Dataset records
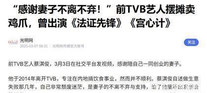 就说TVB的前艺人蔡淇俊吧,他曾经因为片酬不给力而感到困扰。
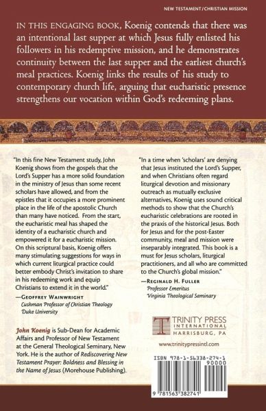 Contrary to some contemporary scholarship, John Koenig argues that there was an intention "Last Supper" at which Jesus, with a messianic consciousness, intended to enlist his followers more fully in his redemptive mission.>
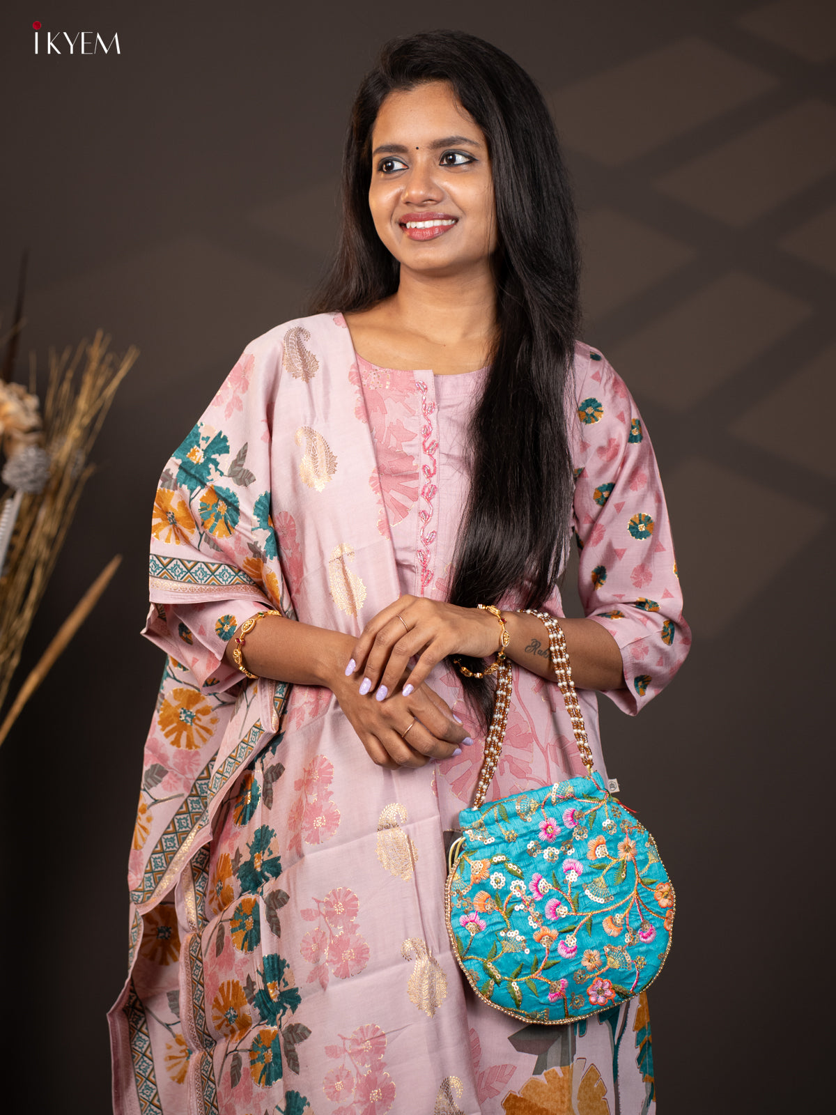 - Give the gift of elegance and charm with our Designer Floral Potli Bag.
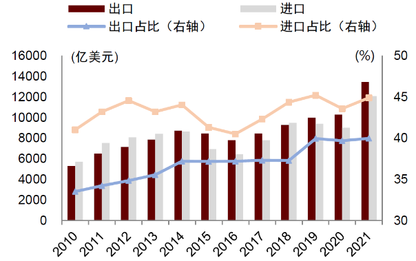根据商务部数据,2013年到2022年,我国与“一带一路”沿线国家货物的贸易额从1.04万亿美元扩大到2.07万亿美元,年均增长7.96%。进一步看,2022年我国对“一带一路”沿线国家的出口和进口总额分别为1.18万亿美元和8913.2亿美元,较2013年分别增加107.5%和89.1%。至2022年,我国对沿线国家的贸易额占总体的比重由2013年25%升至32.9%,对整体增速的拉动较为明显。
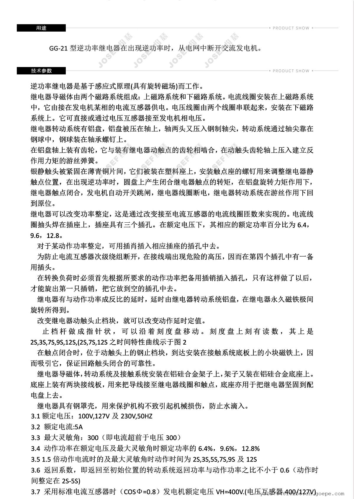 - JOSEF约瑟GG-21逆功率继电器 5A 100V
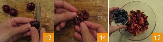 Zum Schluss teilen Sie die Kirschen in zwei Hälften 13 und entsteinen Sie sie 14. Jetzt ist alles bereit, um die süße Panzanella zusammenzustellen: In einer großen Schüssel geben Sie das gesamte geschnittene Obst und fügen Sie auch die ganzen Blaubeeren hinzu 15,
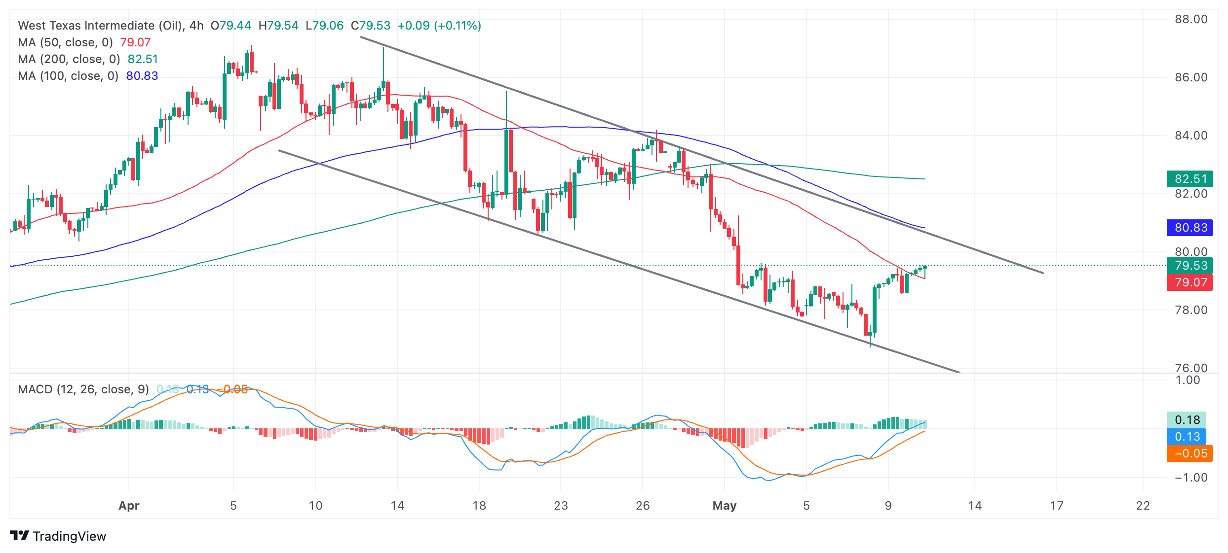 油价正在走高,周五撰写本文时的换手率为 79.50,在下降通道内上扬。
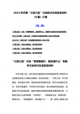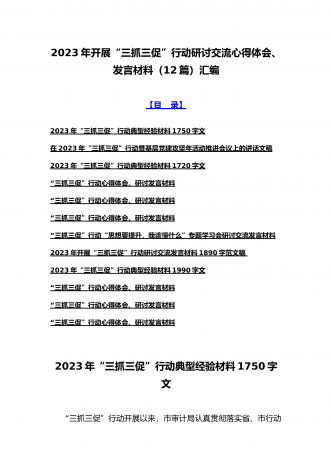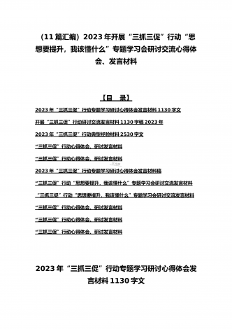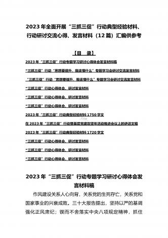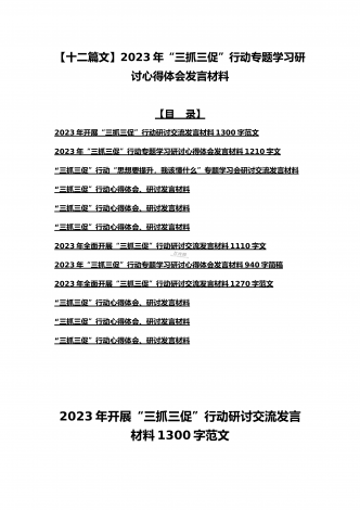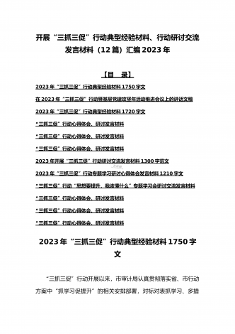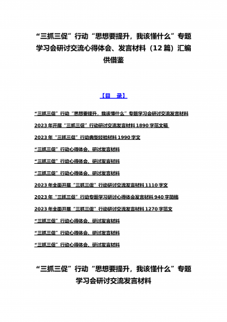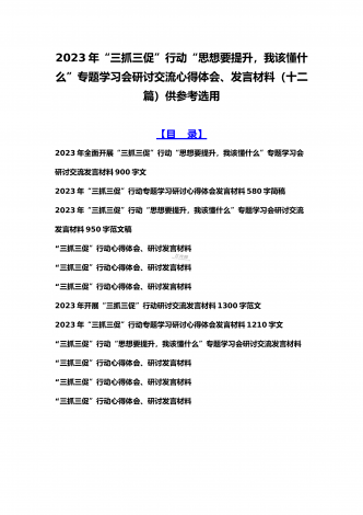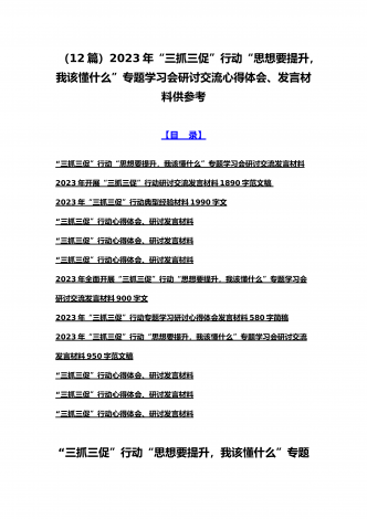 2023年“三抓三促”行动“思想要提升,我该懂什么”专题学习会研讨交流心得体会、发言材料(十二篇)供参考选用【目录】2023年全面开展“三抓三促”行动“思想要提升,我该懂什么”专题学习会研讨交流发言材料900字文2023年“三抓三促”行动专题学习研讨心得体会发言材料580字简稿2023年“三抓三促”行动“思想要提升,我该懂什么”专题学习会研讨交流发言材料950字范文稿“三抓三促”行动心得体会、研讨发言材料“三抓三促”行动心得体会、研讨发言材料“三抓三促”行动心得体会、研讨发言材料2023年开展“...
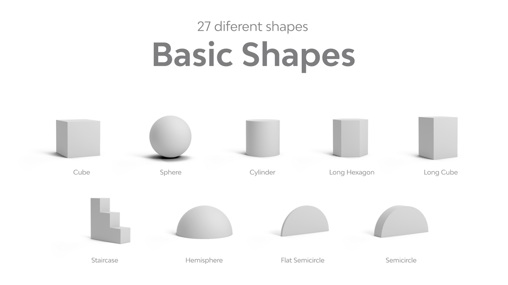 Basic Shapes include: Cube, Sphere, Cylinder, Long Hexagon, Long Cube, Staircase, Hemisphere, Semicircle and Flat Semicircle.
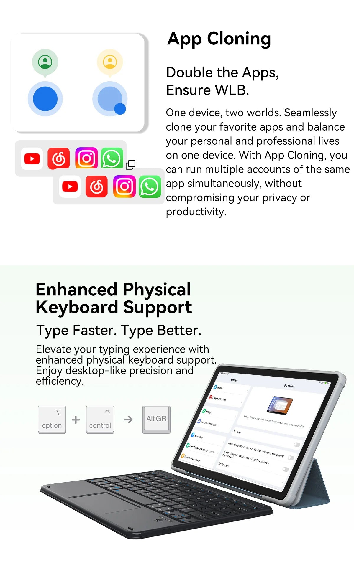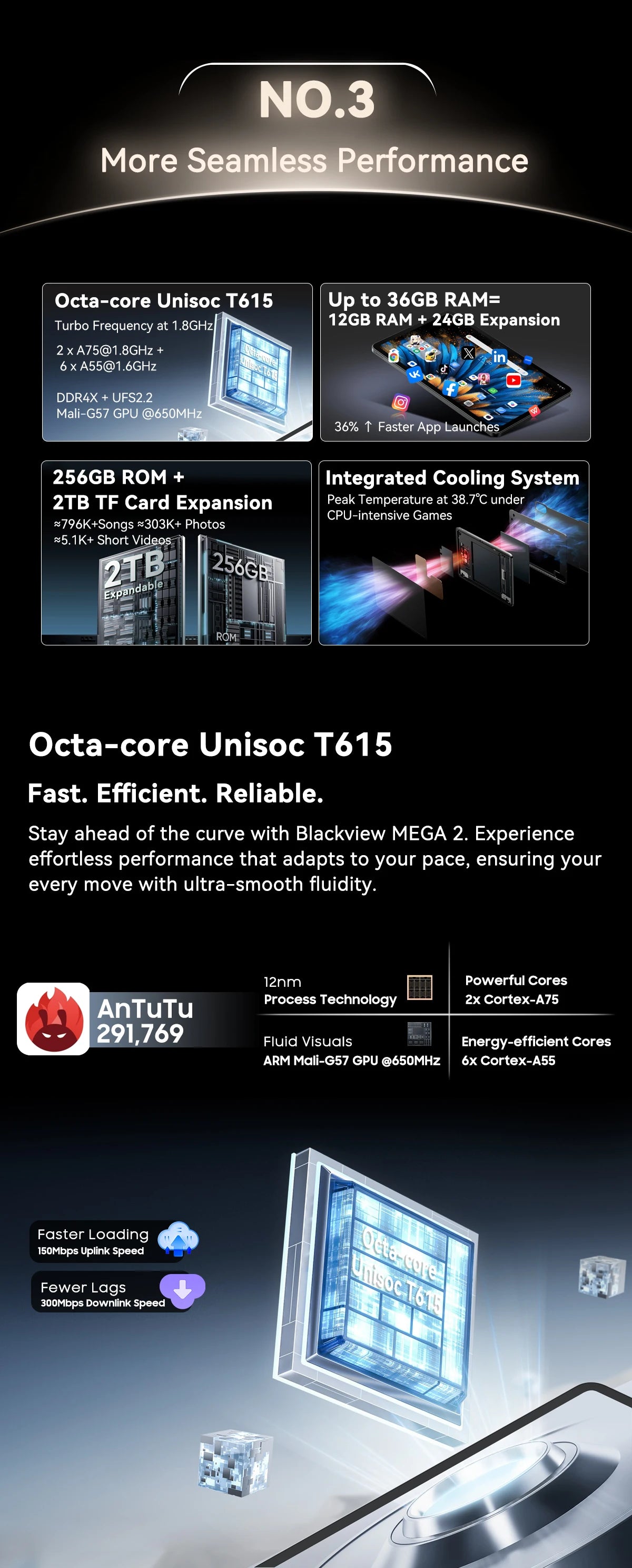 Blackview MEGA 2 Android 15 Tablet 12 inch 2K Display 36(12+24)GB 256GB Unisoc T615 9000mAh Battery Widevine L1 Pad PC
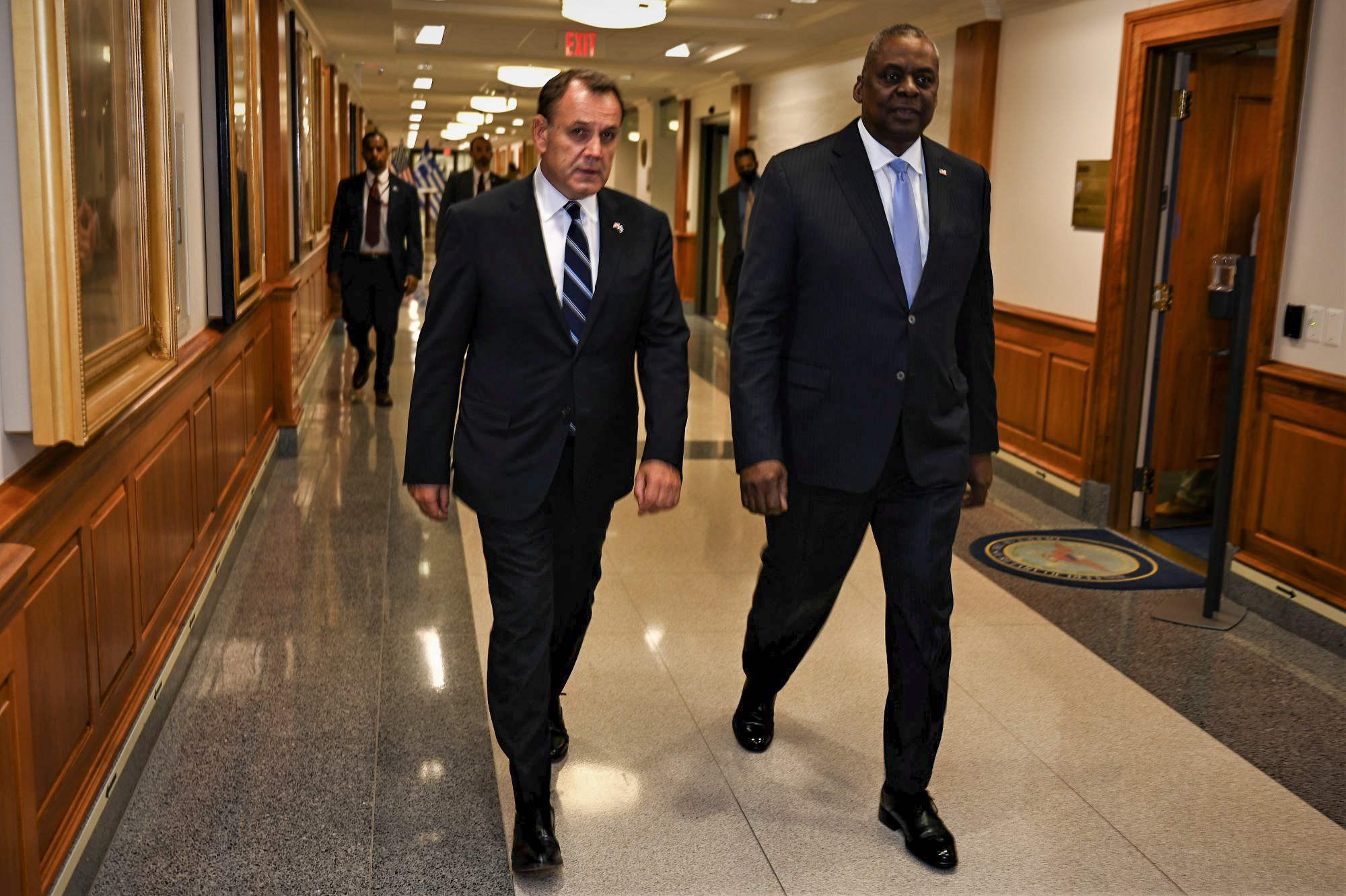 ΝΙΚΟΛΑΟΣ ΠΑΝΑΓΙΩΤΟΠΟΥΛΟΣ: «Κύριε Υπουργέ, αγαπητέ Λόιντ, είναι ιδιαίτερη η χαρά μου να σε συναντώ σήμερα εδώ στην Ουάσιγκτον. Αποτελεί πραγματική τιμή να επισκέπτομαι το Πεντάγωνο. Οπότε επίτρεψέ μου κατ’ αρχάς να τονίσω με τη σειρά μου τη σημασία μιας ισχυρής, σε βάθος και διαρκώς διευρυνόμενης στρατηγικής αμυντικής συνεργασίας μεταξύ των Ηνωμένων Πολιτειών και της Ελλάδας, μιας συνεργασίας που έχει φτάσει στο υψηλότερο σημείο της ιστορίας της τα τελευταία χρόνια μετά τις δύο επικαιροποιήσεις της συμφωνίας αμοιβαίας αμυντικής συνεργασίας το 2019 και πέρυσι. Το εξαιρετικό επίπεδο της αμυντικής συνεργασίας Ελλάδας – ΗΠΑ, σε συνδυασμό με συνεκπαιδεύσεις και κοινές ασκήσεις που αυξάνουν τη διαλειτουργικότητα, καθώς και τη διευρυμένη παρουσία στρατιωτικών δυνάμεων των ΗΠΑ σε νέες περιοχές και στρατηγικά σημεία της ελληνικής επικράτειας, όπως ανέφερες, αποτελεί απόδειξη της κοινής μας θέλησης και επιθυμίας να αυξήσουμε την ετοιμότητά μας προκειμένου να αντιμετωπίσουμε τις κοινές απειλές και προκλήσεις και να προστατέψουμε τα συμφέροντά μας στην ευρύτερη περιοχή, η οποία αποτελεί περιοχή ιδιαίτερης γεωπολιτικής σημασίας.
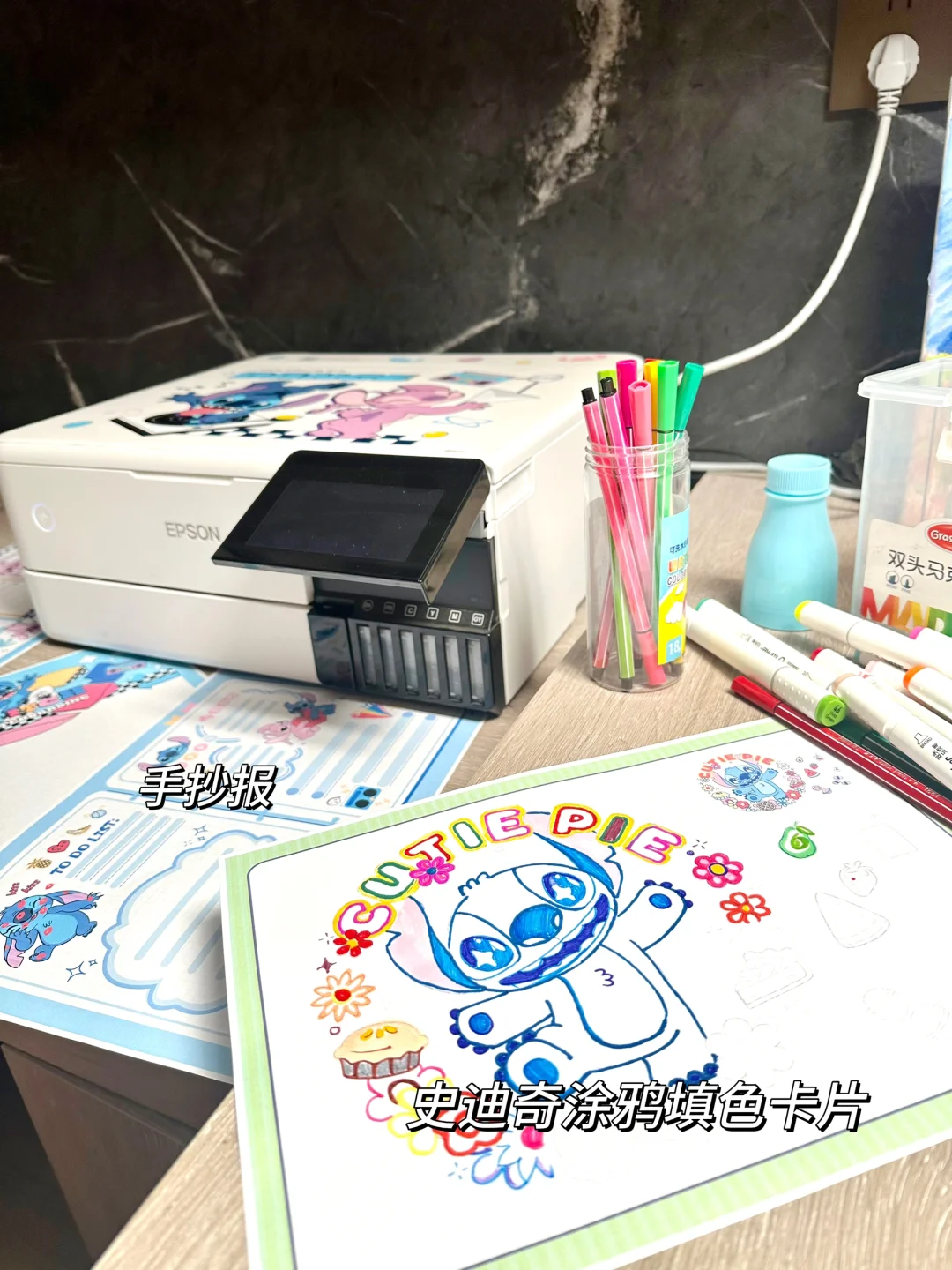 🌈开学即中班的妮妮,陆陆续续增加了一些描红作业,加上平时经常外出拍照,抱着早买早享受的心态,入了打印机 🔹首先颜值就得到了妮妮的认可,史迪奇‼️‼️ 🔹平时除了一些资料、学习文件,小🍊序上还有迪士尼其他系列IP如草莓熊、冰雪奇缘、玩具总动员等 🔹还有贴纸,奖励贴,涂色卡,手帐等素材都可以用来DIY小卡片,手帐安排✅ 🔹6色墨仓打印贴纸跟照片的色彩颜色geng还原,印出的卡通贴纸妮妮都爱不释手 🔹空间占用也不多,平时就放在书桌上,一点都不占地~
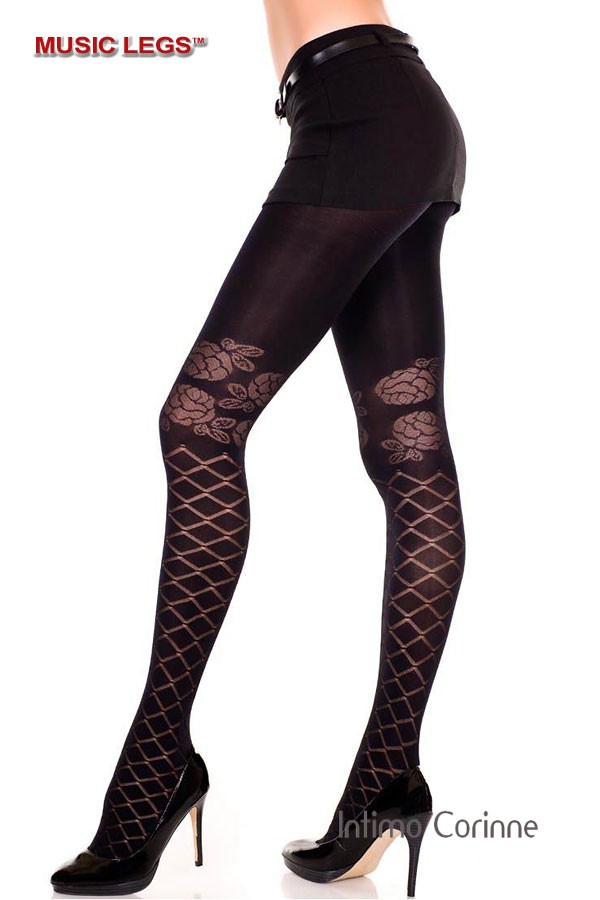 Collant nero coprente con disegno romboidale nella parte inferiore e rosa ricamata sopra il ginocchio.

__WHAT IS BEING ASKED__
Return the lines above from the one with "油价正在走高,周五撰写本文时的换手率为 79.50,在下降通道内上扬。" through the one with "Blackview MEGA 2", verbatim and nothing else. Omit every picture.

__RESPONSE BELOW__
 油价正在走高,周五撰写本文时的换手率为 79.50,在下降通道内上扬。
 2023年“三抓三促”行动“思想要提升,我该懂什么”专题学习会研讨交流心得体会、发言材料(十二篇)供参考选用【目录】2023年全面开展“三抓三促”行动“思想要提升,我该懂什么”专题学习会研讨交流发言材料900字文2023年“三抓三促”行动专题学习研讨心得体会发言材料580字简稿2023年“三抓三促”行动“思想要提升,我该懂什么”专题学习会研讨交流发言材料950字范文稿“三抓三促”行动心得体会、研讨发言材料“三抓三促”行动心得体会、研讨发言材料“三抓三促”行动心得体会、研讨发言材料2023年开展“...
 Basic Shapes include: Cube, Sphere, Cylinder, Long Hexagon, Long Cube, Staircase, Hemisphere, Semicircle and Flat Semicircle.
 Blackview MEGA 2 Android 15 Tablet 12 inch 2K Display 36(12+24)GB 256GB Unisoc T615 9000mAh Battery Widevine L1 Pad PC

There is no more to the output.